Tue, Sep 18, 2007 8:53 PM

No, most bad programmers these days first learn C.

The first non-assembly language I used was Basic-Plus, and I still program in PowerBasic, and assembly!

There's nothing wrong with Basic, especially the modern versions. Given an adequate language that doesn't positively force bad habits, the programmer is what matters.

Interesting, but I don't really design a program first, other than some rough notions; I start coding it bottom-up, and design the structure along the way. What matters is the final product, which I get to by lots of reading and re-writing until it's perfect. Works for me.

I do write the manuals first.

Read "Dreaming in Code" by Scott Rosenberg.

John

- K
- krw
  
  Contact options for registered users
Vote on answer
posted
16 years ago

Tue, Sep 18, 2007 11:46 PM

Not

Tuesday

one

apps

get

That may be true, but it is no reason to throw away a drive when it has the lowest probability of failing in favor of one with a higher likelihood.

If they're all identical, you better hope it's a good design/lot. I think I have what must be the last IBM 75GXP (a.k.a. "Death Star") on the planet that still works. I don't trust it though.

--
  Keith

- K
- krw
  
  Contact options for registered users
Vote on answer
posted
16 years ago

Tue, Sep 18, 2007 11:46 PM

What's the matter Dimmie? Did mommy need her underwear back?

--
  Keith

- M
- MooseFET
  
  Contact options for registered users
Vote on answer
posted
16 years ago

Wed, Sep 19, 2007 2:38 AM

Static analysis tools can only find some bugs. Some code has to be stepped through to see if it ever gets stuck or goes into a loop. I'm thinking of things like:

while (X > 1) do if (X is even) X = X/2; else X = 3 * X + 1;

It is really hard to see whether for some values of X this sticks in a loop or not.

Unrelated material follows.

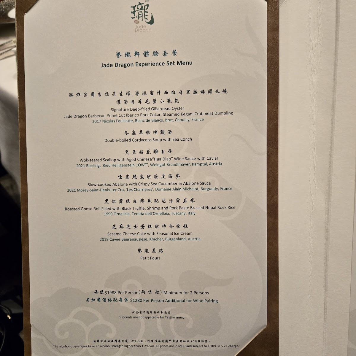 Nestled in the heart of Macao, Jade Dragon offers an exceptional culinary journey through the finest Cantonese cuisine. With its elegant decor curated from jade, crystal, and fine woods, the restaurant sets a luxurious ambiance for diners seeking unique gastronomic experiences.
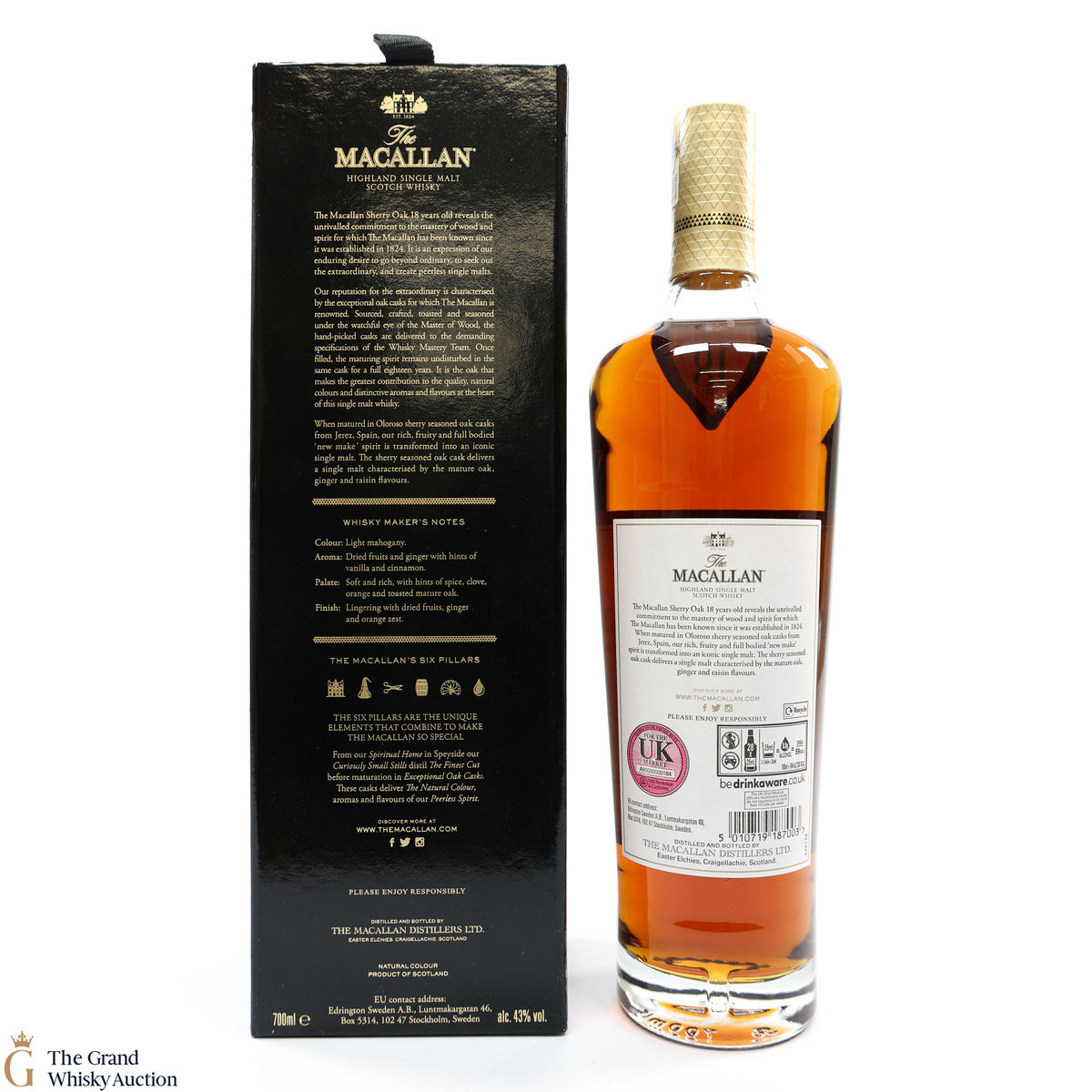 This annual release of The Macallan's popular 18 Year Old Sherry Oak is matured exclusively in sherry seasoned casks, built from both Spanish and American oak, providing a beautifully dark flavour with rich aromas.

Given the right motivation, I suspect that quite a few programmers could do it. The problem is partly the one you point out below and partly that those guys already have jobs. There is a lot of quite good code being written. It doesn't get noticed because of the mountains of crap it is hiding in.

I have always worked in an environment where bugs are not allowed. I don't have a perfect record, but I'm sure that my rate of making bugs is way lower than that of the average programmer in an environment where bugs are allowed. Practice helps.

... and further: In a lot of ways, we need better languages. Back in the days of DOS I was helping someone fix a program that used a library for working with the serial port, and by time we got done we no longer used the library. I don't think there was really much wrong with the library it was just that we couldn't figure out how to make it do what was needed. It had a think book full of documentation of the dozens of function it contained. Going cover to cover several times we simply couldn't find the needed routines or how to call them.

We needed a "get the next character from COM1 or any change in the modem status in the order they happened please" function.

Perhaps not today but back in 1998, someone in China was making his own bolts etc. They were threaded with an odd pitch. They were roughly the typical US sizes rounded off to the nearest metric thing his lathe could do. He was threading into plastic, the standard metric threads wouldn't hold and he could find the right sort of insert.

I like the idea of modules. Maybe we could have a programming system that is more like designing analog hardware. You indicate where the data goes, putting down the modules you need and wiring them up.

Have you ever played with "artsbuilder". It is sort of what I'm thinking of.

I suspect that we are paying for it many times over. It is just that people can't see the money going out of their pocket.

Also: "software is magic. Hardware has all those transistor thingies in it."

[...]

Did you ever work on an Itell Series 4 development system. It was multiprocessor and multiuser. In both cases "multi" meant 1.5. It had an 8086 and an 8080 in it. If the user on the 8086 started a compile, the 8080 froze up.

You obviously have seen how fast I typed all this :)

I rarely need all of the power of my PC. Sometimes though a run on LTSpice will take all night. I rarely press the gas all the way to the floor on my car too.